Collaborative networks enable the rapid establishment of serological assays for SARS-CoV-2 during nationwide lockdown in New Zealand

Abstract

Background Serological assays that detect antibodies to SARS-CoV-2 are critical for determining past infection and investigating immune responses in the COVID-19 pandemic. We established ELISA-based immunoassays using locally produced antigens when New Zealand went into a nationwide lockdown and the supply chain of diagnostic reagents was a widely held domestic concern. The relationship between serum antibody binding measured by ELISA and neutralising capacity was investigated using a surrogate viral neutralisation test (sVNT). Methods A pre-pandemic sera panel (n = 113), including respiratory infections with symptom overlap with COVID-19, was used to establish assay specificity. Sera from PCR‑confirmed SARS-CoV-2 patients (n = 21), and PCR-negative patients with respiratory symptoms suggestive of COVID-19 (n = 82) that presented to the two largest hospitals in Auckland during the lockdown period were included. A two-step IgG ELISA based on the receptor binding domain (RBD) and spike protein was adapted to determine seropositivity, and neutralising antibodies that block the RBD/hACE‑2 interaction were quantified by sVNT. Results The calculated cut-off (>0.2) in the two-step ELISA maximised specificity by classifying all pre-pandemic samples as negative.

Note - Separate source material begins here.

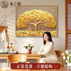 黄金发财树餐厅电源总开关挂画发财树多媒体箱装饰画聚财电表箱画

Sera from all PCR-confirmed COVID-19 patients were classified as seropositive by ELISA ≥7 days after symptom onset. There was 100% concordance between the two-step ELISA and the sVNT with all 7+ day sera from PCR‑confirmed COVID-19 patients also classified as positive with respect to neutralising antibodies. Of the symptomatic PCR-negative cohort, one individual with notable travel history was classified as positive by two-step ELISA and sVNT, demonstrating the value of serology in detecting prior infection. Conclusions These serological assays were established and assessed at a time when human activity was severely restricted in New Zealand. This was achieved by generous sharing of reagents and technical expertise by the international scientific community, and highly collaborative efforts of scientists and clinicians across the country. The assays have immediate utility in supporting clinical diagnostics, understanding transmission in high-risk cohorts and underpinning longer‑term ‘exit’ strategies based on effective vaccines and therapeutics.